2.) RESPONDENT IS NOT LIABLE BECAUSE THE LOSS WAS DUE TO FORCE MAJEURE.
- Common carriers, "by the nature of their business and for reasons of public policy" are required to have extraordinary
diligence in the carriage of goods as well as of passengers. Art. 1734 establishes the general rule that common carriers are
responsible for the loss, destruction or deterioration of the goods, except for 5 causes only; a closed list. Causes falling
outside the list, even if they appear to constitute a species of force majeure fall within the scope of Article 1735, where
common carriers are presumed to have been at fault or to have acted negligently, unless they prove that they observed
extraordinary diligence.
- The hijacking of the carrier's truck does not fall within any of the 5 causes listed in Article 1734. Then Article 1735 shall
apply, thus, respondent as common carrier is presumed to have been at fault or to have acted negligently, but may be
overthrown by proof of extraordinary diligence on the part of respondent.

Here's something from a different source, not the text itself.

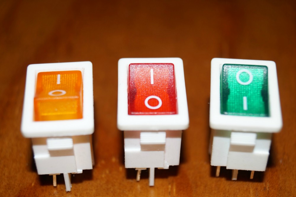 Dimensions d'encastrement : 13 X 19mm. 3 bornes dont deux pour l'interrupteur et une pour la polarité inverse de l'interrupteur pour le voyant. 3 couleurs.
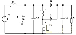 在每次主開(kāi)關(guān)管S導(dǎo)通前,先導(dǎo)通輔助開(kāi)關(guān)管S1,使輔助諧振網(wǎng)絡(luò)諧振。當(dāng)S兩端電容電壓諧振到零時(shí),導(dǎo)通S。當(dāng)S完成導(dǎo)通后,立即關(guān)斷S1,使輔助諧振 電路停止工作。之后,電路以常規(guī)的PWM方式運(yùn)行。該拓?fù)浣Y(jié)構(gòu)在不增加電壓/電流應(yīng)力的情況下,實(shí)現(xiàn)了S的零電壓導(dǎo)通和D的零電流關(guān)斷。但由于S1是在大 電流(接近諧振峰值電流)下關(guān)斷、大電壓(接近輸出電壓)下開(kāi)通, S1處于一種非常不好的硬開(kāi)關(guān)環(huán)境。

Petitioner insists that respondent had not
observed extraordinary diligence because the latter should have hired a security guard presumably to ride with the truck.
However, Court disagree that the standard of extraordinary diligence required respondent to retain a security guard to ride
with the truck and to engage brigands in a firelight at the risk of his own life and the lives of the driver and his helper.
- Court then applied Art. 1745, particularly nos. 5-7:
Any of the following or similar stipulations shall be considered unreasonable, unjust and contrary to public policy:
5) that the common carrier shall not be responsible for the acts or omissions of his or its employees;
6) that the common carrier's liability for acts committed by thieves, or of robbers who do not act with grave or
irresistible threat, violence or force, is dispensed with or diminished; and
7) that the common carrier shall not responsible for the loss, destruction or deterioration of goods on account
of the defective condition of the car vehicle, ship, airplane or other equipment used in the contract of
carriage.
- Under Article 1745 (6), a common carrier is responsible even for acts of strangers like thieves or robbers, except where
such thieves or robbers in fact acted "with grave or irresistible threat, violence or force." Hence, limits of the duty of
extraordinary diligence in the vigilance over the goods carried are reached where the goods are lost as a result of a robbery
which is attended by "grave or irresistible threat, violence or force."
- Given the following circumstances: armed men held up the second truck, record shows that an information for robbery in
band was filed in the CFI of Tarlac, which ruled that the accused acted with grave, if not irresistible, threat, violence or
force, 3 out of 5 hold-uppers were armed with firearms, robbers not only took away the truck and its cargo but also
kidnapped the driver and his helper, detaining them for several days and later releasing them in Zambales, hijacked truck
was found by the police in Quezon City, and convicted all the accused of robbery, though not of robbery in band, thus,
loss must reasonably be regarded as quite beyond the control of the common carrier and be regarded as a fortuitous event.
- Common carriers are not made absolute insurers against all risks of travel and of transport of goods, and are not
held liable for acts or events which cannot be foreseen or are inevitable, provided that they shall have complied with
the rigorous standard of extraordinary diligence.